# Installation

The project is based on Python and PyTorch. We usually run experiments with multi-GPU training.

Tested runtime:
- Python `3.12.3`
- PyTorch `2.8.0+cu128`

## 📥 Clone the Git repo

``` shell
$ https://github.com/yyliu01/AuralSAM2
$ cd AuralSAM2
```

## 🧩 Install dependencies

1) create conda env from yaml
```shell
$ conda env create -f docs/auralsam2.yml
```

2) activate env
```shell
$ conda activate auralsam2
```

3) install PyTorch (recommended: match tested runtime)
```shell
# CUDA 12.8 (tested):
$ pip install torch==2.8.0 torchvision torchaudio --index-url https://download.pytorch.org/whl/cu128
```

4) install python packages (if needed)
```shell
$ pip install -r docs/requirements.txt
```

## 🗂️ Prepare dataset

### AVSBench (`avs.code`)

1) download and prepare AVSBench under repository root.
2) ensure the dataset root path is:
   - `AVSBench/`
   - `AVSBench/avss_index/metadata.csv` (and subset folders `v1s/`, `v1m/`, `v2/`)

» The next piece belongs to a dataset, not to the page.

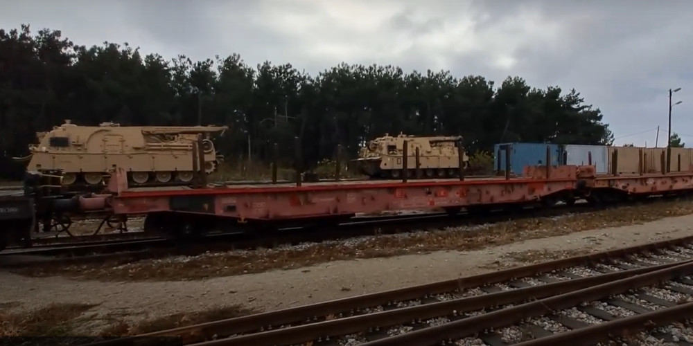 Πρόκειται για φορτίο με άρματα μάχης, τεθωρακισμένα και κοντέινερ που ξεφορτώθηκαν πρόσφατα στο λιμάνι του Εβρου από το μεταγωγικό πλοίο Endurance των ΗΠΑ για λογαριασμό του αμερικανικού στρατού.
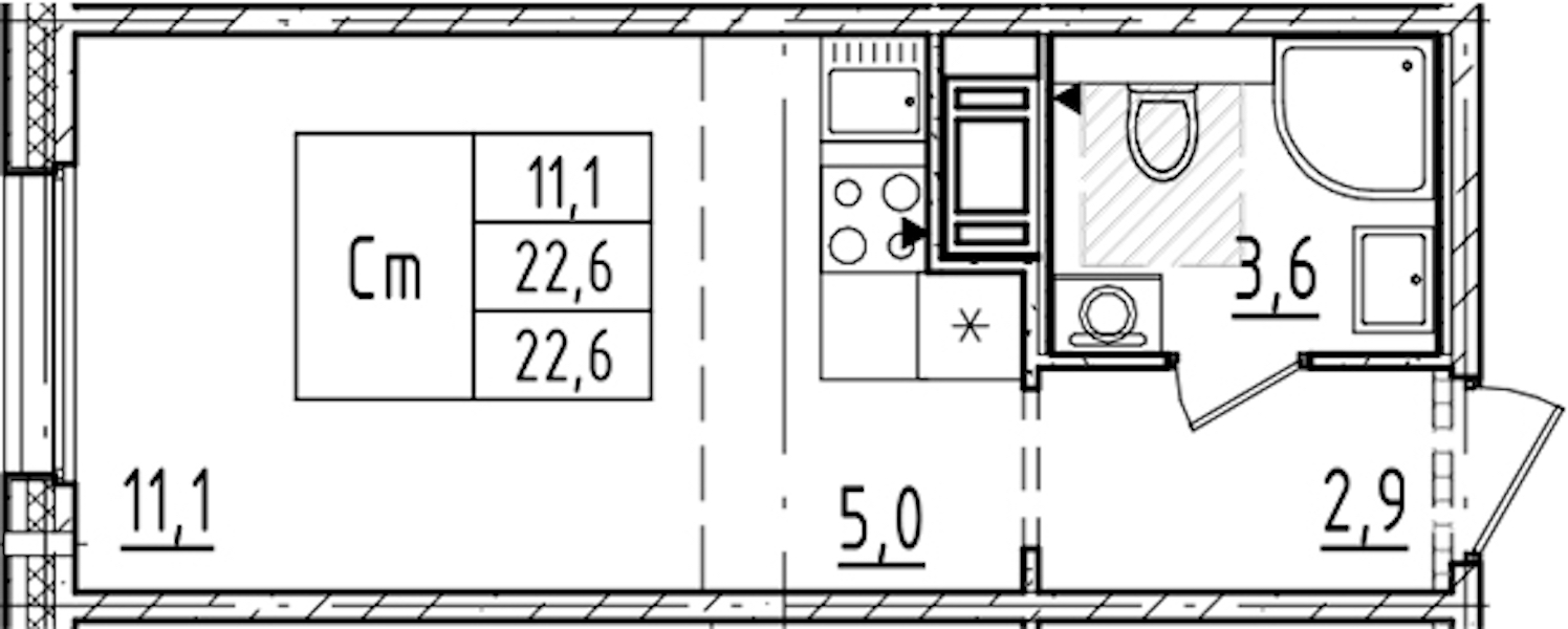 • Площадь22,6 м2

### Ref-AVS (`ref-avs.code`)

1) download and prepare the Ref-AVS (REFAVS) dataset under repository root.
2) ensure the dataset root path is:
   - `REFAVS/`
   - `REFAVS/metadata.csv` (splits: `train`, `test_s`, `test_u`, `test_n`)


### Checkpoints (shared)

Prepare under repository root:

- `ckpts/sam_ckpts/sam2_hiera_large.pt`
- `ckpts/vggish-10086976.pth`

## 🏗️ Workspace structure

```shell
AuralSAM2/
├── avs.code/
│   ├── v1s.code/
│   ├── v1m.code/
│   └── v2.code/
├── ref-avs.code/
├── scripts/
│   ├── run_avs_train.sh
│   └── run_ref_train.sh
├── AVSBench/
│   ├── avss_index
│   │   ├── metadata.csv
│   │   ├── metadata_v1m_man.csv
│   │   └── metadata_v2_man.csv
│   ├── v1m
│   │   ├── 01uIJMwnUvA_0
│   │   ├── 0WxgIKuetYI_0
│   │   ... (419 more)
│   ├── v1s
│   │   ├── --FenyW2i_4_5000_10000
│   │   ├── --ZHUMfueO0_5000_10000
│   │   ... (4927 more)
│   └── v2
│       ├── --KCIeTv6PM_14000_24000
│       ├── --iSerV5DbY_68000_78000
│       ... (5995 more)
├── REFAVS/
│   ├── gt_mask
│   │   ├── --KCIeTv6PM_14000_24000
│   │   ├── --iSerV5DbY_68000_78000
│   │   ... (~4000 more)
│   ├── media
│   │   ├── --KCIeTv6PM_14000_24000
│   │   ├── --iSerV5DbY_68000_78000
│   │   ... (~4300 more)
│   └── metadata.csv
├── ckpts/
│   ├── sam_ckpts/
│   │   └── sam2_hiera_large.pt
│   └── vggish-10086976.pth
└── docs/
    ├── installation.md
    ├── before_start.md
    ├── requirements.txt
    └── auralsam2.yml
```

## 📝 Notes

- use `docs/before_start.md` for training and inference commands.
- if wandb is not needed, disable online logging in your config.